TASK DIRECTIONS:
Copy word for word the lines of the records below, beginning at the one with "If the downward" and finishing at the one with "产品合规认证首款产品通过 FC 等合规检测,获得《Suppliers", ends included, but none of the pictures.

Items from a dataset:
________________

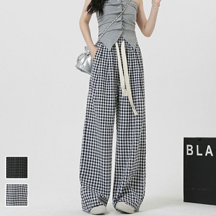 チェック柄 ワイドパンツ ロング チェック カジュアル 脚長 ウエストゴム ゆったり 伸びる 伸縮性 グレー ブラック 灰色 黒 春 夏 レディースファッション 20代 30代 40代 50代 60代
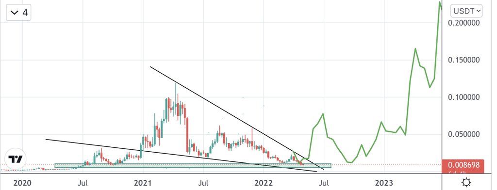 If the downward movement continues, the next closest support area would be at $0.0045, created by the 2020 highs.
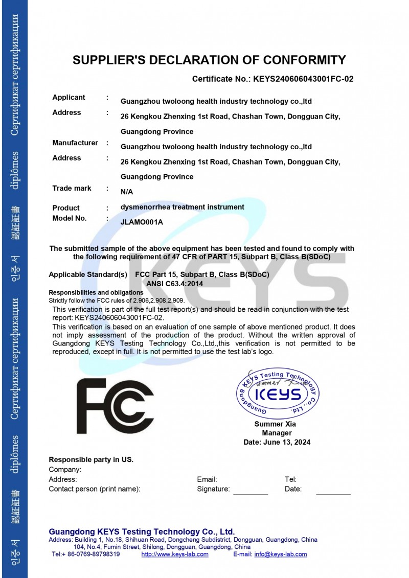 产品合规认证首款产品通过 FC 等合规检测,获得《Suppliers Declaration of Conformity》(供应商符合性声明),证书编号为 KEYSS06060401FC42,确保产品符合相关市场准入标准。
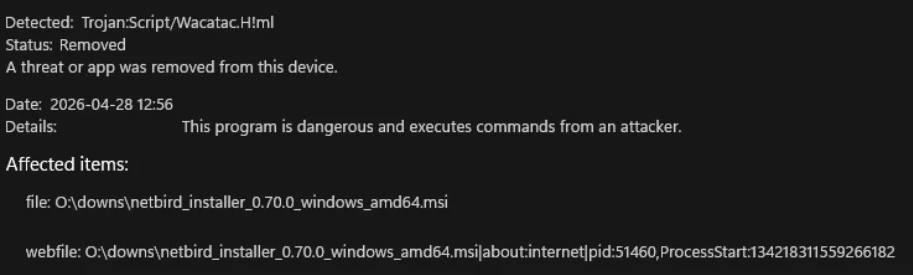 HarrisonteCopper ContributorApr 28, 2026"netbird_installer_0.70.0_windows_amd64.msi" got flagged as a threat by Windows built-in antivirusAnyone else getting this?
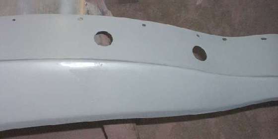 As I recall, the five larger holes were in the panel as received, while the smaller mounting holes needed to be drilled to suit (very easy to do). The surface gel-coat on the front side was solid and smooth, just scuff sand it and spray primer before painting. The rear side was random mat fiberglass, sealed but rough texture. I applied a few coats of primer and sanded it some to be smooth enough to wash and not trap dirt. You can find more pictures of the repair process in restoration article RT-626.
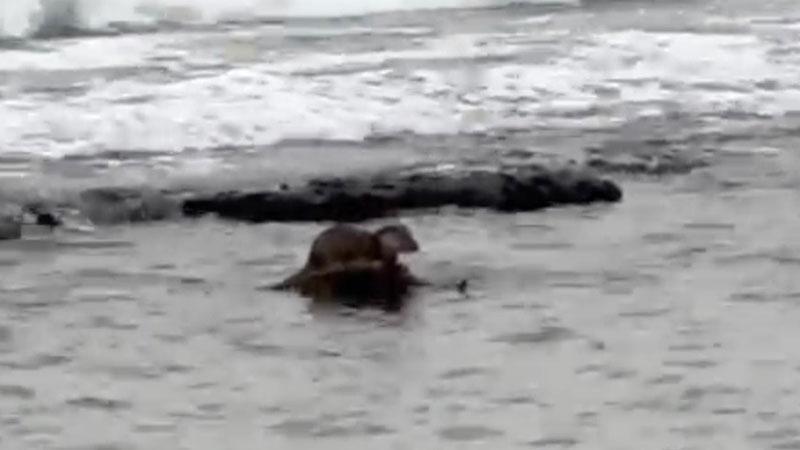 Marmara Denizi’nin Tekirdağ kıyılarında su samuru görüntülendi. Bir süre su üzerinde yakaladığı balığı yemeye çalışan su samuru, sahilde gezenler tarafından cep telefonuyla kayda alındı. Samur, kısa süre sonra suda gözden kayboldu.
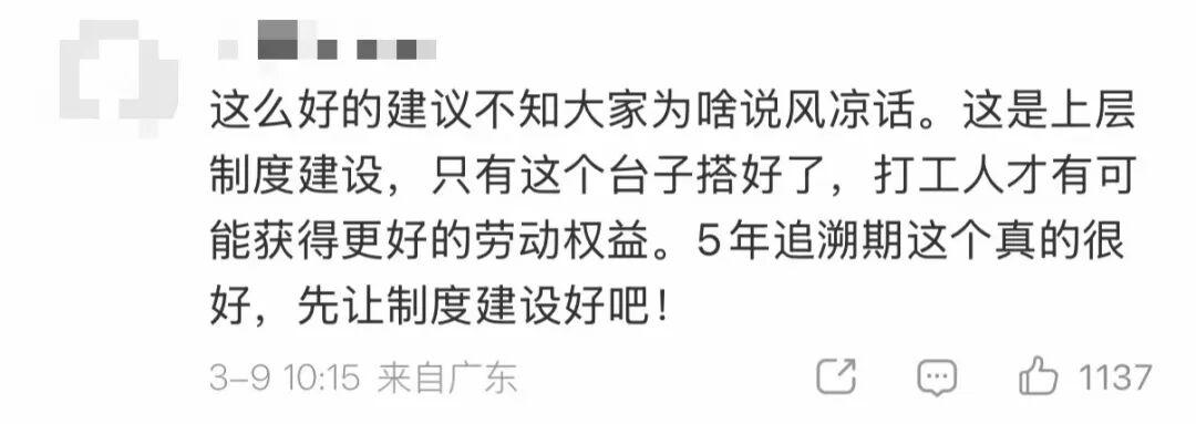 他建议将每日8小时标准工时缩短至7小时,大幅提高加班工资标准并强化支付硬约束,同时建立加班报酬5年追溯机制,以制度刚性规范企业加班行为,切实保障劳动者休息权与劳动报酬权。
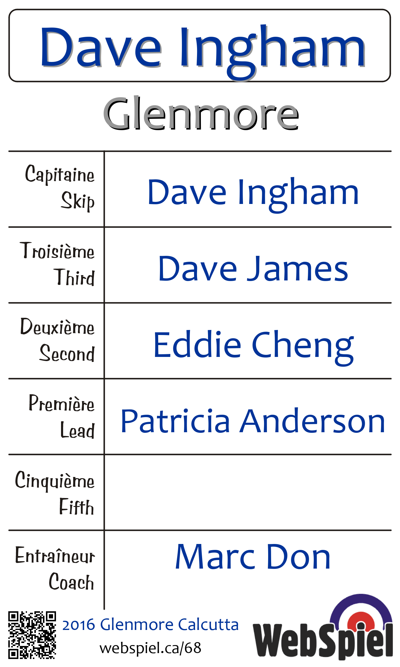 Jeudi le 3 mars 2016, à 19h00 EST Glenmore Curling Club, Glace 211, Gagnant › B07, Perdant › D03 | |||||||||
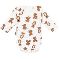 Боди с длинным втачным рукавом, выполнено из хлопкового трикотажа - интерлок. Изделие украшено нежным принтом "Мишки". Вырез горловины круглый, обработан трикотажным кантом из основного полотна. Модель на плечиках с запахом. Кнопки-застежки в паховой зоне снизу, между пройм. Внутренние швы.Размер 62: длина - 36 см, обхват груди - 44 см, длина рукава - 20 см.
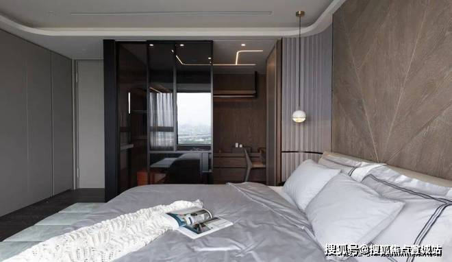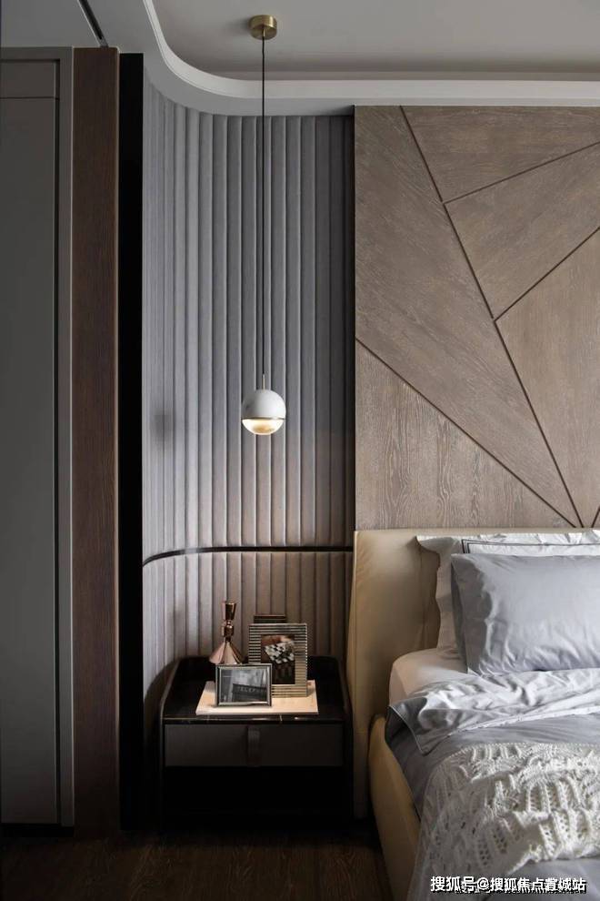 ▲床头柜上摆上精致的展示品,上方一盏球形的吊灯,在后方墙面的波纹软包造型的呼应下,也为我们布置了一个简约优雅的舒适空间感.

________________

YOUR RESPONSE:
 If the downward movement continues, the next closest support area would be at $0.0045, created by the 2020 highs.
 产品合规认证首款产品通过 FC 等合规检测,获得《Suppliers Declaration of Conformity》(供应商符合性声明),证书编号为 KEYSS06060401FC42,确保产品符合相关市场准入标准。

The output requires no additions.